◆ EXERCISE PROMPT ◆
Once you find the line with "おっさんが赤点滅無視して突っ込んできて、僕は電柱に激突。" in the data that follows, repeat it and every line after it exactly, through the line with "อาคารจอดรถด้านหน้าสูง 9 ชั้น".

◆ GIVEN RECORDS ◆
-- Opening Marker --

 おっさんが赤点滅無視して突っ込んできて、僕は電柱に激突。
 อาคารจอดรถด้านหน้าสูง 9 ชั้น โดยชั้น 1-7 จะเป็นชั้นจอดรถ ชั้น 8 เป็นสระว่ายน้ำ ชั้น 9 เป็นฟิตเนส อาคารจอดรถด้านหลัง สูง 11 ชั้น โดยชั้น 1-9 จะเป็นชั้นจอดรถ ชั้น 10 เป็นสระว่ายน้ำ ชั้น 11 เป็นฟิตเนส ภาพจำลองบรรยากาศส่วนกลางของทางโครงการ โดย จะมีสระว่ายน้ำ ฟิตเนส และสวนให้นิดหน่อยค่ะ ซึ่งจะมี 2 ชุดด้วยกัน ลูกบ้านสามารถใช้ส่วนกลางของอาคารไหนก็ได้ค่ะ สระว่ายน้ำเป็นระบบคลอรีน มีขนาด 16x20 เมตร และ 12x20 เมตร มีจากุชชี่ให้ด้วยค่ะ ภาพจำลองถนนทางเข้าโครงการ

-- Closing Marker --
-- Opening Marker --

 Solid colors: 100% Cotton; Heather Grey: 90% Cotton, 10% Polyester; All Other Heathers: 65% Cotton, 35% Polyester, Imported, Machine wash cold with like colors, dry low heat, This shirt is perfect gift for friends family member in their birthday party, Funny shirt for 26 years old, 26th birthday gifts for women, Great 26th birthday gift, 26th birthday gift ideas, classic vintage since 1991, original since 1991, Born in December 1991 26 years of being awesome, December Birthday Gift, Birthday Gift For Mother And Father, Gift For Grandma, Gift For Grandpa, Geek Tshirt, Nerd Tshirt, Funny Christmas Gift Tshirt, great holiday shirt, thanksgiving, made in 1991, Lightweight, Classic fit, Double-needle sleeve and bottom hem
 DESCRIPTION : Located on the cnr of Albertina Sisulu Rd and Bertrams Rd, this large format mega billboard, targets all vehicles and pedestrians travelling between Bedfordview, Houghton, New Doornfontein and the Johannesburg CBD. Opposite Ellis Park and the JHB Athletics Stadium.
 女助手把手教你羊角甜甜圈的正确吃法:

-- Closing Marker --
-- Opening Marker --

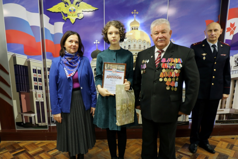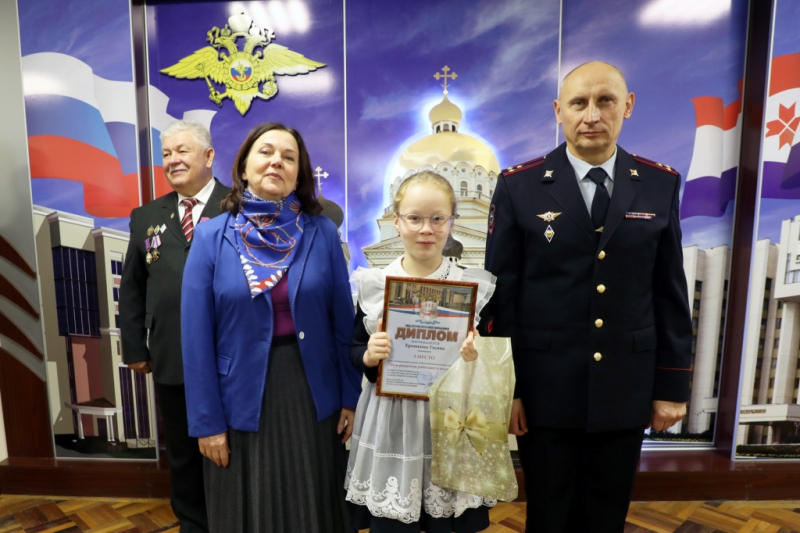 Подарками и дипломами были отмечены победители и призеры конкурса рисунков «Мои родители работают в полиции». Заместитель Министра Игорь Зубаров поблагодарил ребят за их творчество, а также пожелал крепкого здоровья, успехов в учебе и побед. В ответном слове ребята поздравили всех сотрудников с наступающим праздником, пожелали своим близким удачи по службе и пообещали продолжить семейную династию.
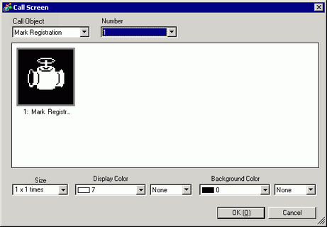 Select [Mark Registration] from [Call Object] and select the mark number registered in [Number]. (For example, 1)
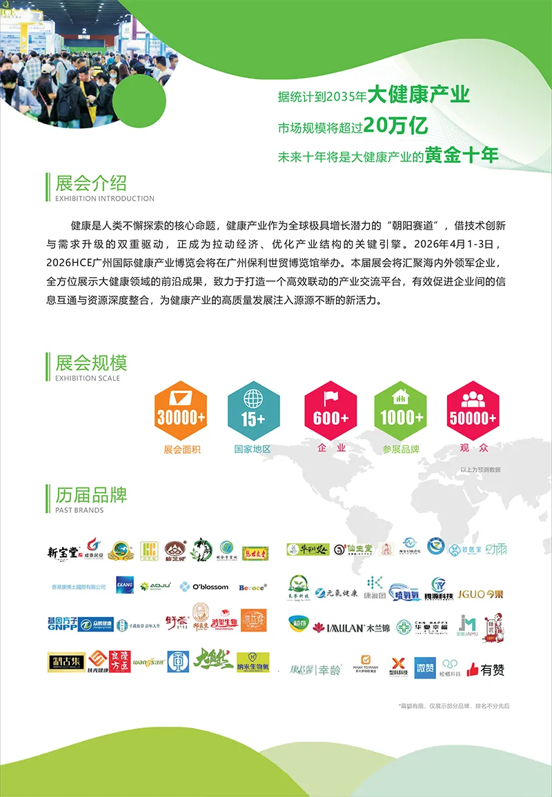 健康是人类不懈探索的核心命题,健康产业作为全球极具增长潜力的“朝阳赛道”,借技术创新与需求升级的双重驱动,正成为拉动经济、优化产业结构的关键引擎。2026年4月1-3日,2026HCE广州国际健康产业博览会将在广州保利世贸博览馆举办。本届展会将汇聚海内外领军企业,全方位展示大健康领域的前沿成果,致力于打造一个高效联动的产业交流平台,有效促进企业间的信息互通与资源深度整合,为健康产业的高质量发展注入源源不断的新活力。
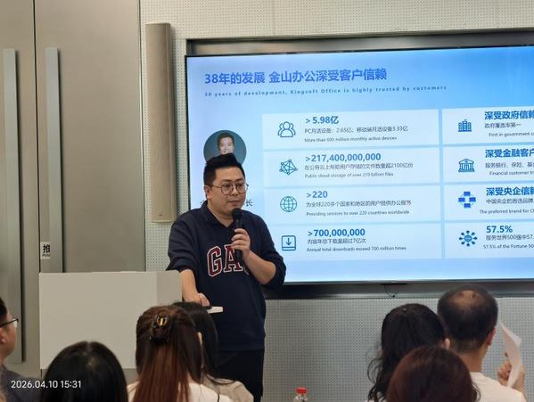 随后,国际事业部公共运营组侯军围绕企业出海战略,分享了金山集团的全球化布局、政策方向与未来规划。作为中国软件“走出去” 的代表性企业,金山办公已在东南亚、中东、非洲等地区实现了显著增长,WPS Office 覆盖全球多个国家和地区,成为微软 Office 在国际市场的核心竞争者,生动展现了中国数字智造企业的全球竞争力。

-- Closing Marker --

◆ FINISHED TASK ◆
 おっさんが赤点滅無視して突っ込んできて、僕は電柱に激突。
 อาคารจอดรถด้านหน้าสูง 9 ชั้น โดยชั้น 1-7 จะเป็นชั้นจอดรถ ชั้น 8 เป็นสระว่ายน้ำ ชั้น 9 เป็นฟิตเนส อาคารจอดรถด้านหลัง สูง 11 ชั้น โดยชั้น 1-9 จะเป็นชั้นจอดรถ ชั้น 10 เป็นสระว่ายน้ำ ชั้น 11 เป็นฟิตเนส ภาพจำลองบรรยากาศส่วนกลางของทางโครงการ โดย จะมีสระว่ายน้ำ ฟิตเนส และสวนให้นิดหน่อยค่ะ ซึ่งจะมี 2 ชุดด้วยกัน ลูกบ้านสามารถใช้ส่วนกลางของอาคารไหนก็ได้ค่ะ สระว่ายน้ำเป็นระบบคลอรีน มีขนาด 16x20 เมตร และ 12x20 เมตร มีจากุชชี่ให้ด้วยค่ะ ภาพจำลองถนนทางเข้าโครงการ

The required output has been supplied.